Ведьмин век. Трилогия - Дяченко Марина и Сергей - Страница 34
- Предыдущая
- 34/53
- Следующая
Ивга поняла, о чем вопрос. Нахмурилась и отвернулась, пытаясь вспомнить, а что, собственно, она сказала инквизитору перед тем, как он чуть не вышиб из нее мозги. Напрасно – она помнила лишь, что язык ее произносил слова, но слова без значения, более того – теперь те странные фразы представлялись ей чем-то наподобие вареных макарон, бесцветные и аморфные, бессмысленные…
– Вспоминай.
Она открыла рот, чтобы сказать: не помню. И в этот самый момент вспомнила.
– Было? Я прав?
Было. Актовый зал училища, полный народу; директриса с красными пятнами на щеках, представляющая девочкам «господина окружного инквизитора». Тошнота и слабость, и злость; множество пустых мест, сразу образовавшихся со всех сторон, внимательный взгляд, многозначительное молчание…

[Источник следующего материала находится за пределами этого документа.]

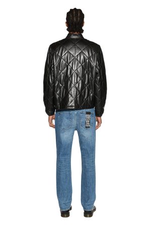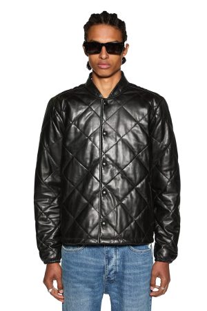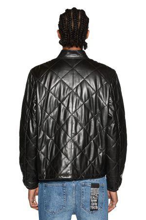 The Eclipse Quilted Bomber Black is a leather jacket. designed with a quilted diamond lining. Featuring jet pockets. t-box branding and ksubi branded hardware.
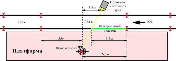 Принцип его действия основан на контроле за временем прохождения хвостовым вагоном контрольного участка пути. Контроль прохождения поезда осуществляется при помощи светового луча и приёмника (фотоэлемента). Источник светового луча загорается при занятии одной из рельсовых цепей: 222с, 224с или 224. После освобождения последней колёсной парой рельсовой цепи № 224 начинается отсчёт времени проследования контрольного участка. Если хвостовой вагон пройдёт контрольный участок и фотоэлемент сработает ранее, чем через 1 с., то на входном светофоре, ограждающим цепь №224с, включится разрешающее показание ещё до полного освобождения поездом данной рельсовой цепи. Если же хвостовой вагон проходит контрольный участок более, чем за 1с., то внепоездной контроль не сработает и разрешающее показание светофора включится только после полного освобождения поездом данной рельсовой цепи. После освобождения поездом цепи №222с схема возвращается в исходное состояние.
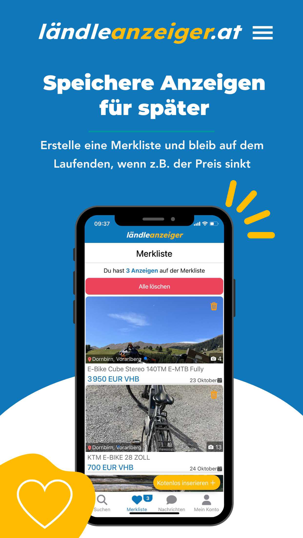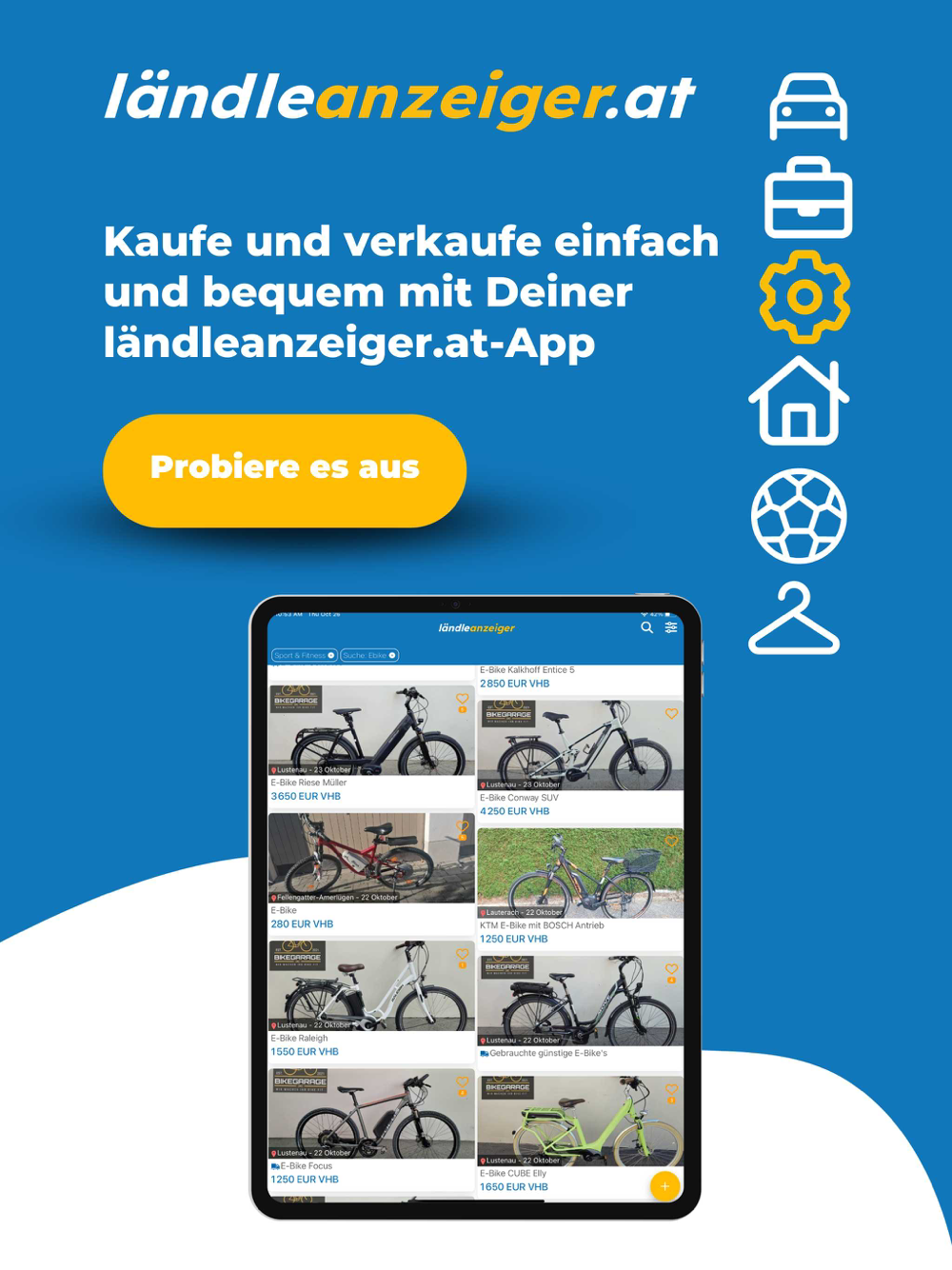 Die ländleanzeiger.at App ermöglicht es, alle Dinge des täglichen Lebens günstig zu kaufen und kostenlos zu verkaufen: gebraucht oder neu! Und das blitzschnell. Der Kleinanzeigenmarkt Vorarlbergs lädt zum Stöbern ein – von Gebrauchtwagen und Immobilien über Flohmarktartikel bis zu Reiseangeboten. Von privaten und gewerblichen Anbietern aus der Region.

Продолжение было в кабинете директрисы. Казенная повестка, брезгливые перепуганные взгляды, «нам теперь училище не отмыть»… И еще что-то хлесткое, слово, как плетка со вшитым кусочком свинца. Что-то про ведьм и потаскух… безродных и бездарных шлюшек… Что-то неслыханно мерзкое, в особенности если учесть, что Ивге было шестнадцать лет и она еще ни разу ни с кем не целовалась. И понимающая ухмылка этого самого инквизитора.
Тогда Ивга открыла рот и сказала. Отчего директриса осела на пол, одним своим видом поднимая вокруг панику и давая Ивге возможность удрать из-под самого инквизиторского носа…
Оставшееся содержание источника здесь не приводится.